§ Task brief
Could you give back every entry below exactly, with the pictures dropped?

Stored dataset items:
Start of Block

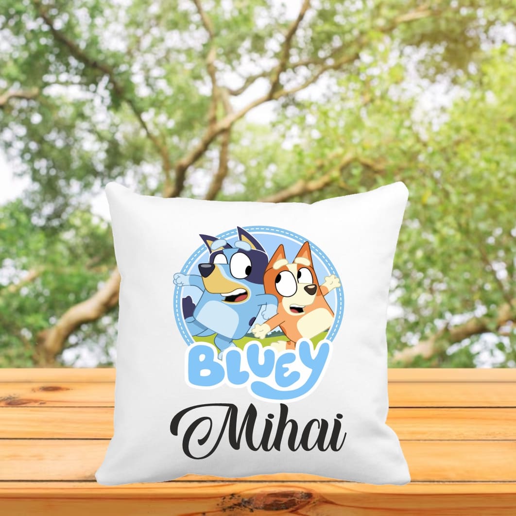 Perna personalizata cu nume, Gradinita, Bluey, 40×40 cm, PGR046
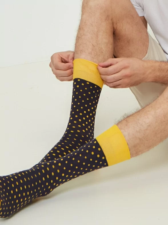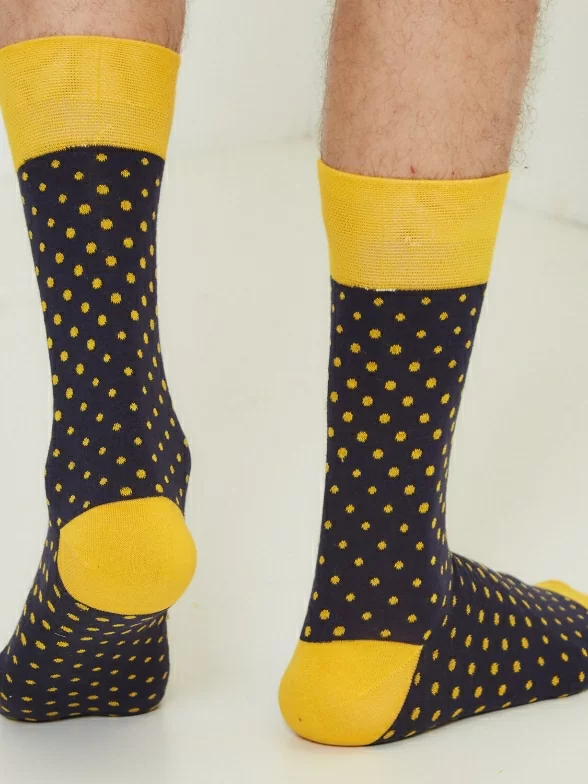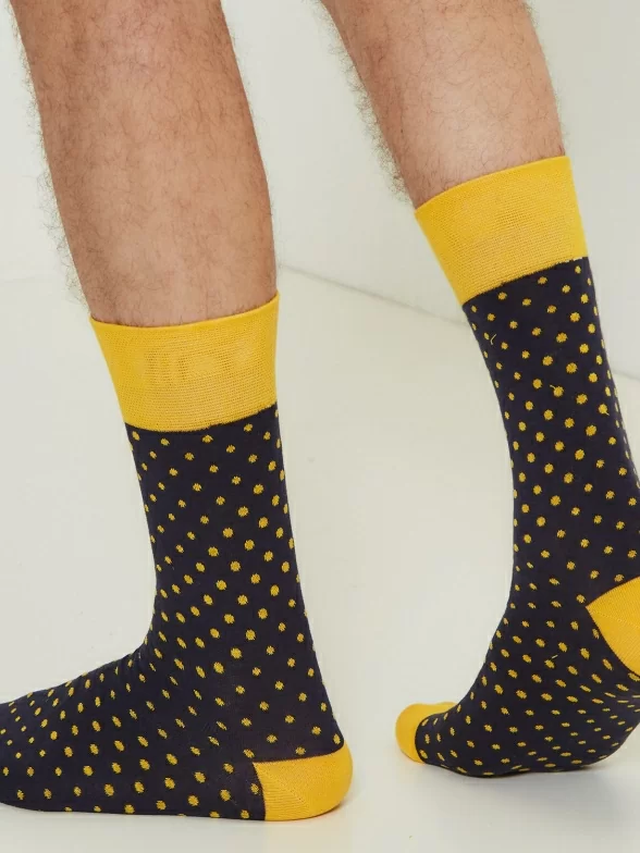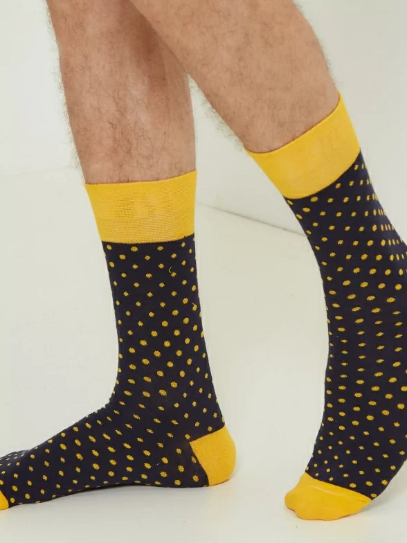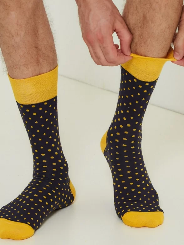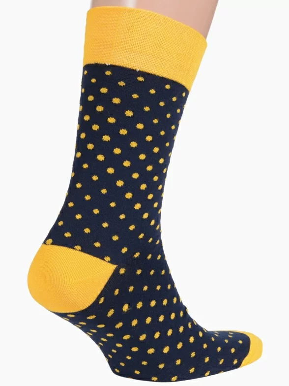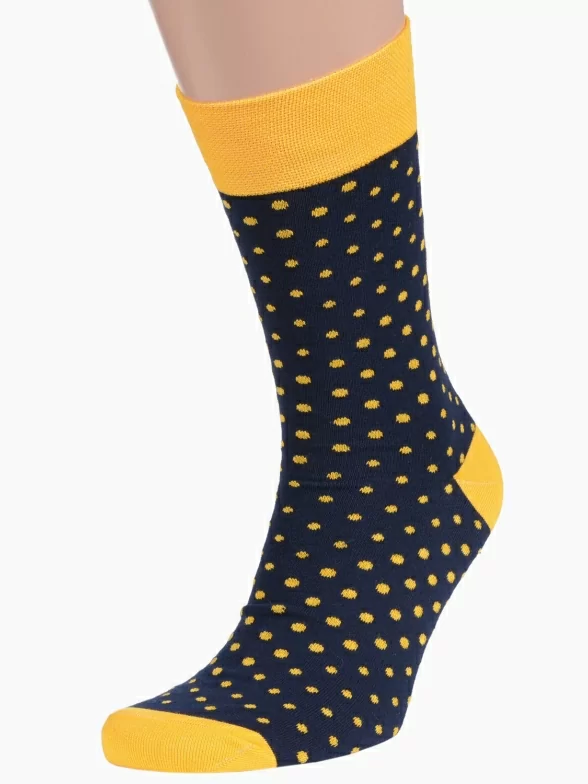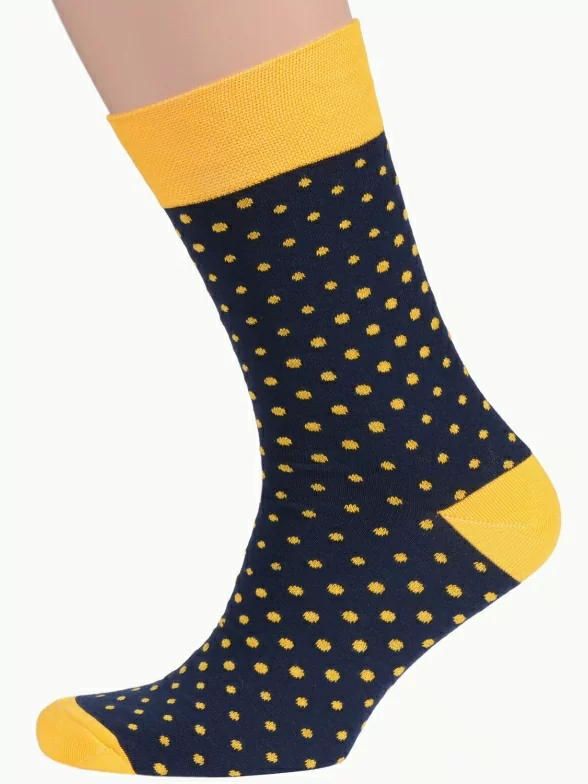 Круглогодичные средней длины мужские носки, цвет темно-синий, повседневные, шов обычный (не бесшовные), принт (рисунок): горох / точка, с узором, состав: 82% хлопок, 15% полиамид, 3% эластан, арт. Nm-27Э. Производитель «ИП Рыбалкин В.С., Московская область, г. Щелково» под брендом «Msclub».
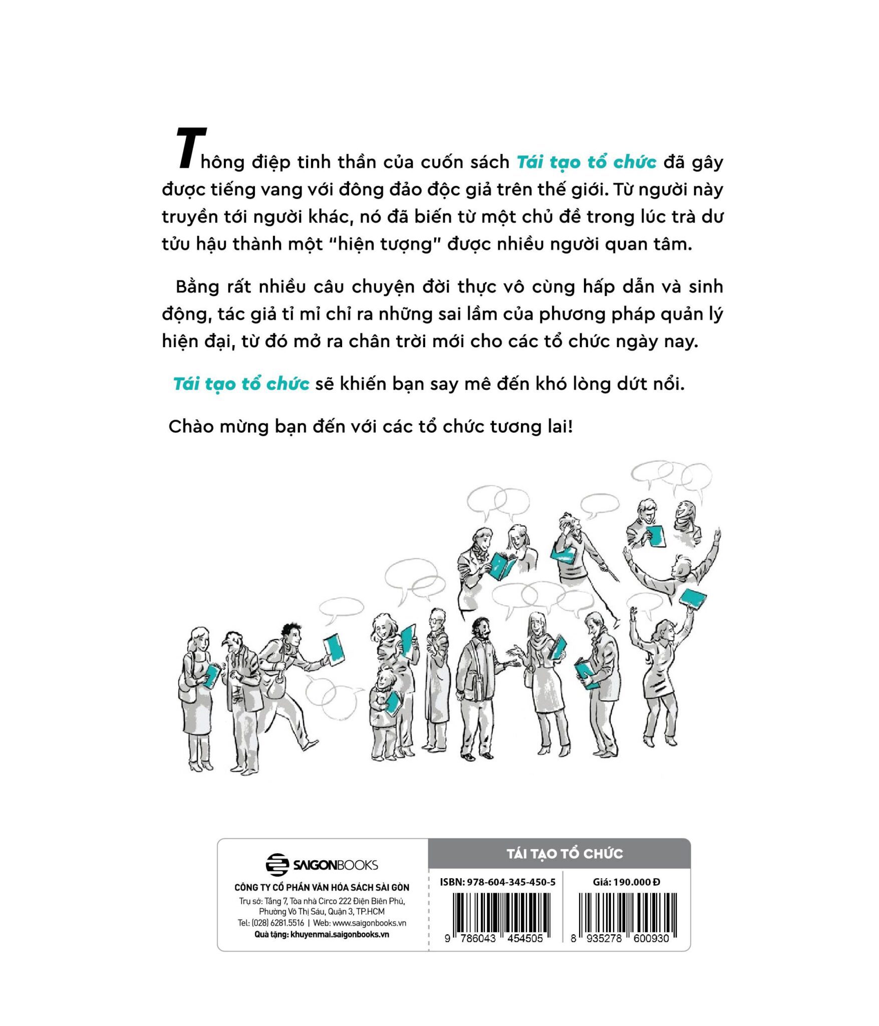 Đó là lí do chúng tôi tìm đến Tái tạo tổ chức – một cuốn sách thôi thúc chúng ta khám phá bản thân để đạt được hạnh phúc chân chính bằng cách tạo ra các mối quan hệ đích thực xung quanh mình. “Đích thực” ở đây có nghĩa là những mối quan hệ được tạo ra từ sự thấu hiểu, tin tưởng, lòng nhân ái trên nền tảng minh bạch và cân bằng. Bởi tính chủ động, phong phú và chân thành của chúng, những mối quan hệ này đôi lúc khiến ta bị tổn thương, nhưng qua những tổn thương tích cực đó, chúng ta sẽ nhanh chóng trưởng thành, sẽ cảm thấy rằng mình thực sự sống.
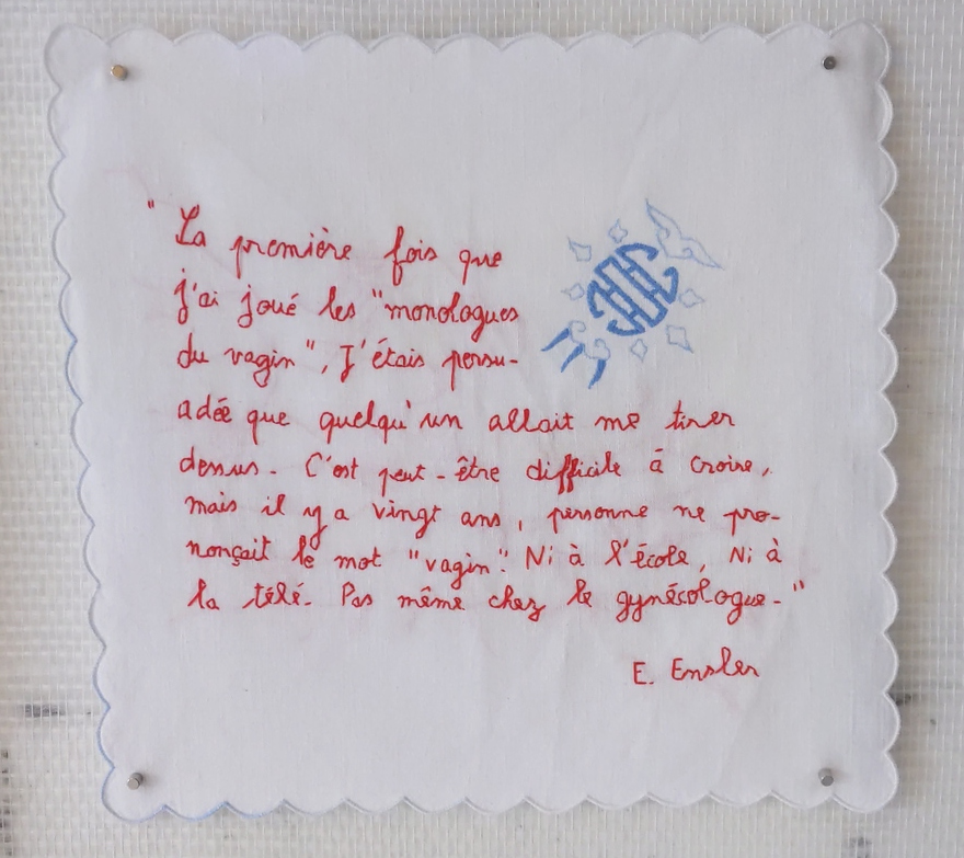 8 mouchoirs brodés se sont installés dans « Une chambre à soi » à l’exposition-résidence de Piègut-Pluviers en octobre 2025…
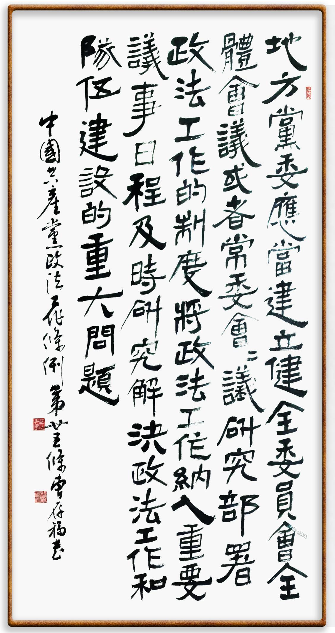 《中國共產(chǎn)黨政法工作條例》對黨領(lǐng)導新時代政法工作進行全面制度擘畫,為黨領(lǐng)導政法工作提供基本遵循,具有重大而深遠的意義。為學習好、宣傳好、貫徹好、實施好這部黨內(nèi)法規(guī),繼《中華人民共和國民法典》《中華人民共和國憲法》《信訪工作條例》《中華人民共和國澳門特別行政區(qū)基本法》《中華人民共和國香港特別行政區(qū)基本法》等法律法規(guī)之后,“書·法”系列活動將筆端對準《中國共產(chǎn)黨政法工作條例》。
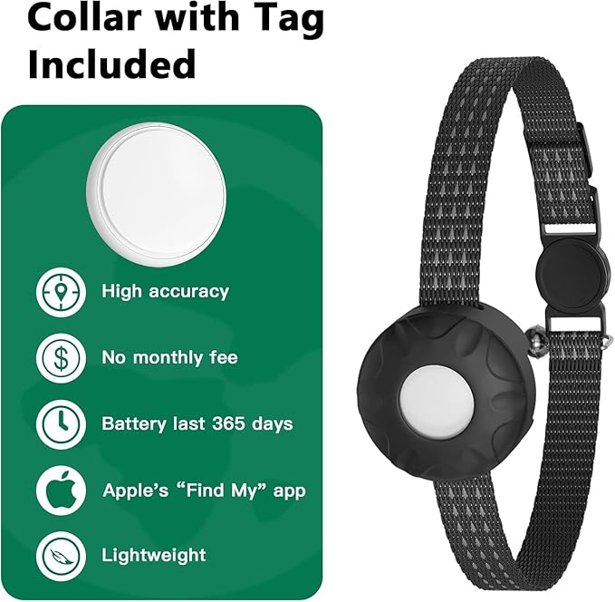 - 🐱【Global Tracking & Built-in Speaker】: Ring your cat tracker by playing sound in Find My App within bluetooth range; if the cat tracker tag is out of Bluetooth range, other Apple devices nearby (100ft range) can anonymously relay location back to its owner, ensuring broader coverage for tracking.
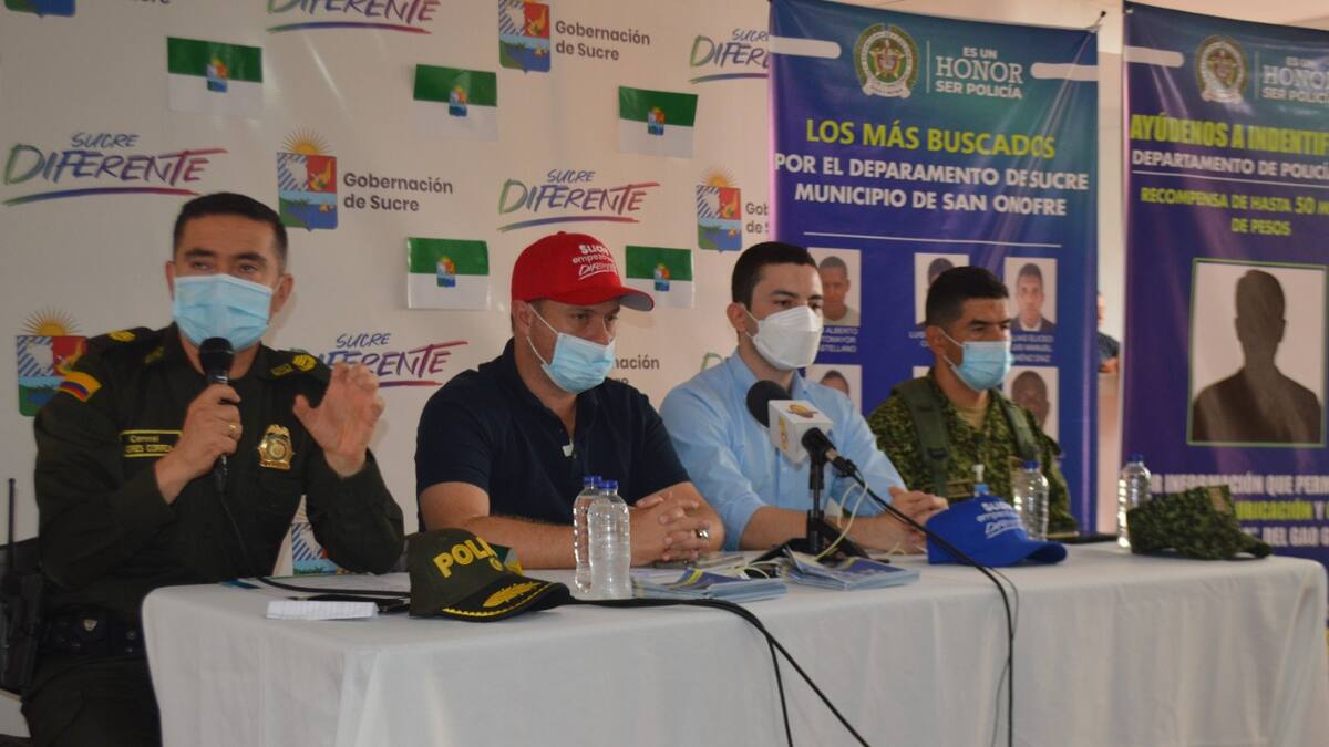 Las autoridades también ratificaron la recompensa de hasta 50 millones de pesos por información que permita la identificación y ubicación de alias ‘el Paisa’ que sería el jefe del Clan en San Onofre y lo relacionan con la ocurrencia de varios homicidios en esa población.

End of Block

§ Answer
 Perna personalizata cu nume, Gradinita, Bluey, 40×40 cm, PGR046
 Круглогодичные средней длины мужские носки, цвет темно-синий, повседневные, шов обычный (не бесшовные), принт (рисунок): горох / точка, с узором, состав: 82% хлопок, 15% полиамид, 3% эластан, арт. Nm-27Э. Производитель «ИП Рыбалкин В.С., Московская область, г. Щелково» под брендом «Msclub».
 Đó là lí do chúng tôi tìm đến Tái tạo tổ chức – một cuốn sách thôi thúc chúng ta khám phá bản thân để đạt được hạnh phúc chân chính bằng cách tạo ra các mối quan hệ đích thực xung quanh mình. “Đích thực” ở đây có nghĩa là những mối quan hệ được tạo ra từ sự thấu hiểu, tin tưởng, lòng nhân ái trên nền tảng minh bạch và cân bằng. Bởi tính chủ động, phong phú và chân thành của chúng, những mối quan hệ này đôi lúc khiến ta bị tổn thương, nhưng qua những tổn thương tích cực đó, chúng ta sẽ nhanh chóng trưởng thành, sẽ cảm thấy rằng mình thực sự sống.
 8 mouchoirs brodés se sont installés dans « Une chambre à soi » à l’exposition-résidence de Piègut-Pluviers en octobre 2025…
 《中國共產(chǎn)黨政法工作條例》對黨領(lǐng)導新時代政法工作進行全面制度擘畫,為黨領(lǐng)導政法工作提供基本遵循,具有重大而深遠的意義。為學習好、宣傳好、貫徹好、實施好這部黨內(nèi)法規(guī),繼《中華人民共和國民法典》《中華人民共和國憲法》《信訪工作條例》《中華人民共和國澳門特別行政區(qū)基本法》《中華人民共和國香港特別行政區(qū)基本法》等法律法規(guī)之后,“書·法”系列活動將筆端對準《中國共產(chǎn)黨政法工作條例》。
 - 🐱【Global Tracking & Built-in Speaker】: Ring your cat tracker by playing sound in Find My App within bluetooth range; if the cat tracker tag is out of Bluetooth range, other Apple devices nearby (100ft range) can anonymously relay location back to its owner, ensuring broader coverage for tracking.
 Las autoridades también ratificaron la recompensa de hasta 50 millones de pesos por información que permita la identificación y ubicación de alias ‘el Paisa’ que sería el jefe del Clan en San Onofre y lo relacionan con la ocurrencia de varios homicidios en esa población.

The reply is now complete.